Zhi Wang, Geelon So, and Ramya Korlakai Vinayak. Metric Learning from Limited Pairwise Preference Comparisons.
[arXiv]

We study metric learning from preference comparisons under the ideal point model, in which a user prefers an item over another if it is closer to their latent ideal item. These items are embedded into \( \mathbb{R}^d \) equipped with an unknown Mahalanobis distance shared across users. While recent work shows that it is possible to simultaneously recover the metric and ideal items given \( O(d) \) pairwise comparisons per user, in practice we often have a limited budget of \( o(d) \) comparisons. We study whether the metric can still be recovered, even though it is known that learning individual ideal items is now no longer possible. We show that in general, \( o(d) \) comparisons reveals no information about the metric, even with infinitely many users. However, when comparisons are made over items that exhibit low-dimensional structure, each user can contribute to learning the metric restricted to a low-dimensional subspace so that the metric can be jointly identified.
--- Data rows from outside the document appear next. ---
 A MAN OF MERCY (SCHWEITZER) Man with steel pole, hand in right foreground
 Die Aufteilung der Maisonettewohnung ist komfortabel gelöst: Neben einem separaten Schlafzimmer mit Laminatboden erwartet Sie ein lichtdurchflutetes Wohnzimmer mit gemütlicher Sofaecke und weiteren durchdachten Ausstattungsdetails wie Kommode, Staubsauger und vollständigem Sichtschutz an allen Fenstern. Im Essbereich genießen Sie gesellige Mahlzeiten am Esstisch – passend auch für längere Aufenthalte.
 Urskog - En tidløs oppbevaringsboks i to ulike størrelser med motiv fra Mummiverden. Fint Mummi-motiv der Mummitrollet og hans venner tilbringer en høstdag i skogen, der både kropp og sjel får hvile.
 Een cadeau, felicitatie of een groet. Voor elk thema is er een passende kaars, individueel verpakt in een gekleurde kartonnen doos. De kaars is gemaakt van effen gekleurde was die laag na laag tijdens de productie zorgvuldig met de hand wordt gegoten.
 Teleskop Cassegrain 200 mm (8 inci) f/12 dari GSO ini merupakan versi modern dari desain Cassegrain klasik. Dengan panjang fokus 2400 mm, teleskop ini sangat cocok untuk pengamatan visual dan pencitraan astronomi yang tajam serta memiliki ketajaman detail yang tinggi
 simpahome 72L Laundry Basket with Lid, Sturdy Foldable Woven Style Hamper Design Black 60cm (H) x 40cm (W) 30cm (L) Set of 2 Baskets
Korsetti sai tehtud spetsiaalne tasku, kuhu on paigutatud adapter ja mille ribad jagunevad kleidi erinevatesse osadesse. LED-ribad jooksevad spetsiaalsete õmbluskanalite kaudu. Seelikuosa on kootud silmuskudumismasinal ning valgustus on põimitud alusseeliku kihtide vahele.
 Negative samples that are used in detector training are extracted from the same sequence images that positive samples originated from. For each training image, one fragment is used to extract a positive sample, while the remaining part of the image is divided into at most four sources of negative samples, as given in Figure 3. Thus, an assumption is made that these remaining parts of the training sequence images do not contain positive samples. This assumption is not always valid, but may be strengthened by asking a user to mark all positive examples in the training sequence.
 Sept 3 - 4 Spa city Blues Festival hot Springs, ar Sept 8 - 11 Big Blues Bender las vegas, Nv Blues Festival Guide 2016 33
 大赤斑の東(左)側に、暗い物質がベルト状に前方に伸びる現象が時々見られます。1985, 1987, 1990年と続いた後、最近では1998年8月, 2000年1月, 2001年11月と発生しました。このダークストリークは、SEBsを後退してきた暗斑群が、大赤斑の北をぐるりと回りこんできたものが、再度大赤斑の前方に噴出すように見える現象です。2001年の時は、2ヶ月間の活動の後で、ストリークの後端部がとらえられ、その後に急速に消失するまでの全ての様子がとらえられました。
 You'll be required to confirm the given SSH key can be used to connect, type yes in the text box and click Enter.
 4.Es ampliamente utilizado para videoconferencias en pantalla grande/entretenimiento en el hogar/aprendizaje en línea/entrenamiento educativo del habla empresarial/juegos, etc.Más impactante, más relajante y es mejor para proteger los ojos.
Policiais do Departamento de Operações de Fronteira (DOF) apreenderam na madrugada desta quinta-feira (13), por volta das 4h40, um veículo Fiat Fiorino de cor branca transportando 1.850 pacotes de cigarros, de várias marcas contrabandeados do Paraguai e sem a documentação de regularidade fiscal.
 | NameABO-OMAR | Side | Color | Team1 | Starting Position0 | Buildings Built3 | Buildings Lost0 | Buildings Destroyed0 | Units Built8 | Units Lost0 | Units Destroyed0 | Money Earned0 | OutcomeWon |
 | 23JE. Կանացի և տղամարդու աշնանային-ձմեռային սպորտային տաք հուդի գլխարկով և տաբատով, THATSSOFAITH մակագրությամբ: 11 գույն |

We present a divide-and-conquer approach that achieves this, and provide theoretical recovery guarantees and empirical validation.

Publications

Zhi Wang, Chicheng Zhang, and Kamalika Chaudhuri. Thompson Sampling for Robust Transfer in Multi-Task Bandits. Proceedings of the 39th International Conference on Machine Learning (ICML-2022).
[arXiv]

We study the problem of online multi-task learning where the tasks are performed within similar but not necessarily identical multi-armed bandit environments. In particular, we study how a learner can improve its overall performance across multiple related tasks through robust transfer of knowledge. While an upper confidence bound (UCB)-based algorithm has recently been shown to achieve nearly-optimal performance guarantees in a setting where all tasks are solved concurrently, it remains unclear whether Thompson sampling (TS) algorithms, which have superior empirical performance in general, share similar theoretical properties. In this work, we present a TS-type algorithm for a more general online multi-task learning protocol, which extends the concurrent setting. We provide its frequentist analysis and prove that it is also nearly-optimal using a novel concentration inequality for multi-task data aggregation at random stopping times. Finally, we evaluate the algorithm on synthetic data and show that the TS-type algorithm enjoys superior empirical performance in comparison with the UCB-based algorithm and a baseline algorithm that performs TS for each individual task without transfer.

Chicheng Zhang, Zhi Wang. Provably Efficient Multi-Task Reinforcement Learning with Model Transfer. Advances in Neural Information Processing Systems 34 (NeurIPS-2021). A shorter version of this work appeared in the Workshop on Reinforcement Learning Theory at ICML-2021.
[arXiv]

We study multi-task reinforcement learning (RL) in tabular episodic Markov decision processes (MDPs). We formulate a heterogeneous multi-player RL problem, in which a group of players concurrently face similar but not necessarily identical MDPs, with a goal of improving their collective performance through inter-player information sharing. We design and analyze an algorithm based on the idea of model transfer, and provide gap-dependent and gap-independent upper and lower bounds that characterize the intrinsic complexity of the problem.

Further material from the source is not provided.